• **WORK REQUEST**:
Transcribe each record exactly, but omit pictures.

• **INFORMATION PROVIDED**:
------------------------------------------------------------------------

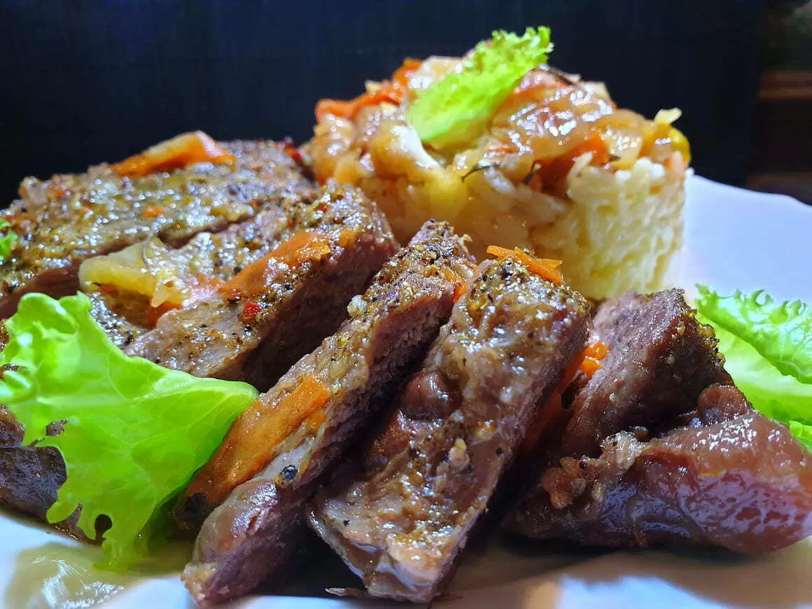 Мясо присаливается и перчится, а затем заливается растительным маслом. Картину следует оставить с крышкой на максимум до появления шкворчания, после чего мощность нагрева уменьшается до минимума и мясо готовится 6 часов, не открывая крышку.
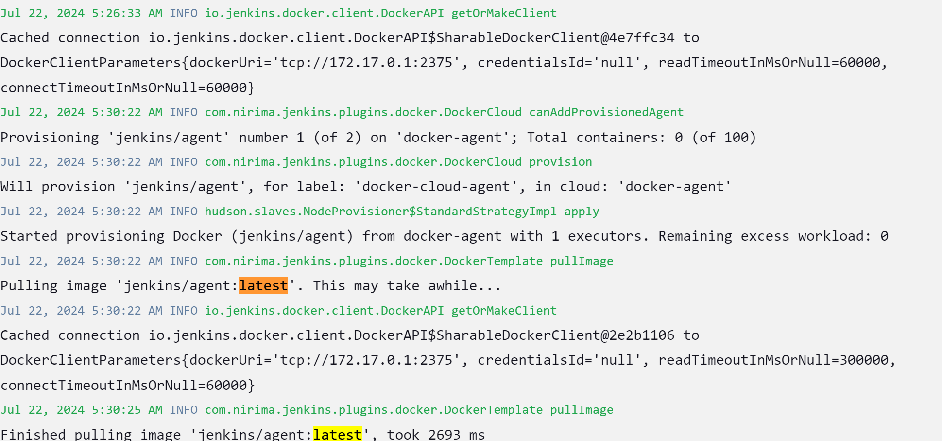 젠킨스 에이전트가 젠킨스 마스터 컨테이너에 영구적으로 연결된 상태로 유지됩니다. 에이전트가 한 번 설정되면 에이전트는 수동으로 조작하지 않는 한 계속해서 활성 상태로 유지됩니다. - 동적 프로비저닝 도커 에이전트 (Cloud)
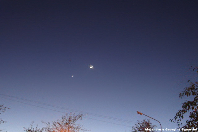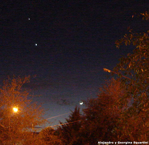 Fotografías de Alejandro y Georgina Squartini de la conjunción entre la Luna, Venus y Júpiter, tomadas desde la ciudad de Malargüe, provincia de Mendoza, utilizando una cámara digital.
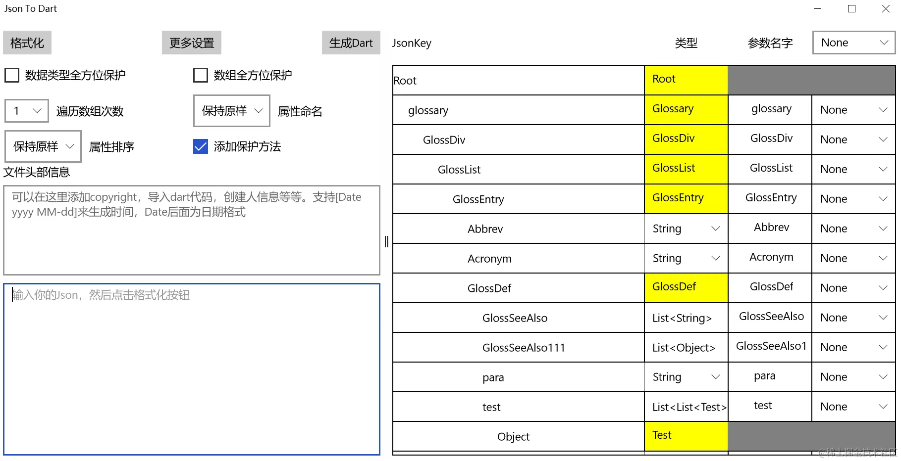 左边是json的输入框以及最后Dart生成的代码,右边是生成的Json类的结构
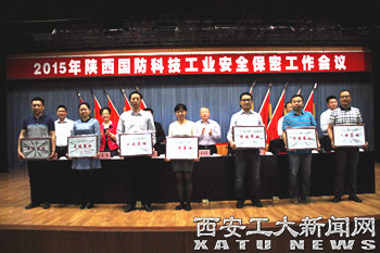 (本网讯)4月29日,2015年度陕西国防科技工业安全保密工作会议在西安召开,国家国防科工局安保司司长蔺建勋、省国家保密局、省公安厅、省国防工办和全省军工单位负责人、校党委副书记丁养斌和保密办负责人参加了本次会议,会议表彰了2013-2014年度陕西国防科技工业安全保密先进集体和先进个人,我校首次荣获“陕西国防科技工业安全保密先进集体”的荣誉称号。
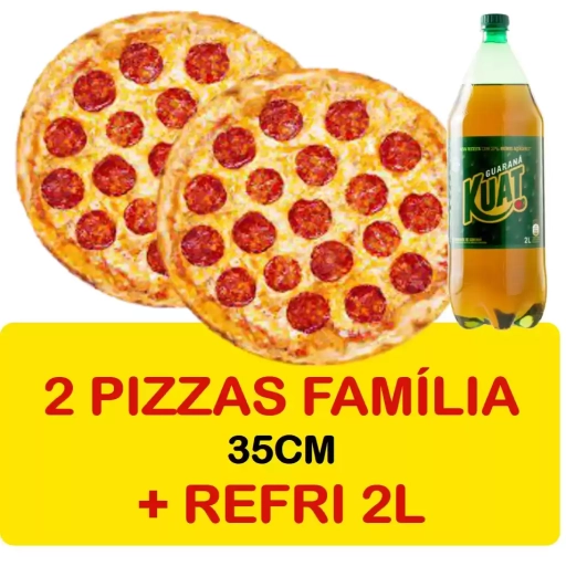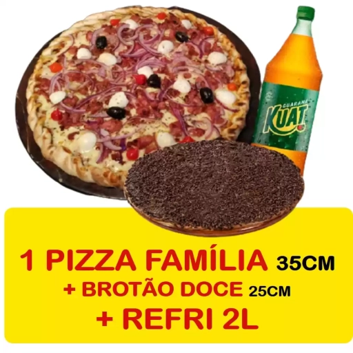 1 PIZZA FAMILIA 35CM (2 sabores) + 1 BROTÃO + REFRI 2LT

------------------------------------------------------------------------

• **THE COMPLETED TASK**:
 Мясо присаливается и перчится, а затем заливается растительным маслом. Картину следует оставить с крышкой на максимум до появления шкворчания, после чего мощность нагрева уменьшается до минимума и мясо готовится 6 часов, не открывая крышку.
 젠킨스 에이전트가 젠킨스 마스터 컨테이너에 영구적으로 연결된 상태로 유지됩니다. 에이전트가 한 번 설정되면 에이전트는 수동으로 조작하지 않는 한 계속해서 활성 상태로 유지됩니다. - 동적 프로비저닝 도커 에이전트 (Cloud)
 Fotografías de Alejandro y Georgina Squartini de la conjunción entre la Luna, Venus y Júpiter, tomadas desde la ciudad de Malargüe, provincia de Mendoza, utilizando una cámara digital.
 左边是json的输入框以及最后Dart生成的代码,右边是生成的Json类的结构
 (本网讯)4月29日,2015年度陕西国防科技工业安全保密工作会议在西安召开,国家国防科工局安保司司长蔺建勋、省国家保密局、省公安厅、省国防工办和全省军工单位负责人、校党委副书记丁养斌和保密办负责人参加了本次会议,会议表彰了2013-2014年度陕西国防科技工业安全保密先进集体和先进个人,我校首次荣获“陕西国防科技工业安全保密先进集体”的荣誉称号。
 1 PIZZA FAMILIA 35CM (2 sabores) + 1 BROTÃO + REFRI 2LT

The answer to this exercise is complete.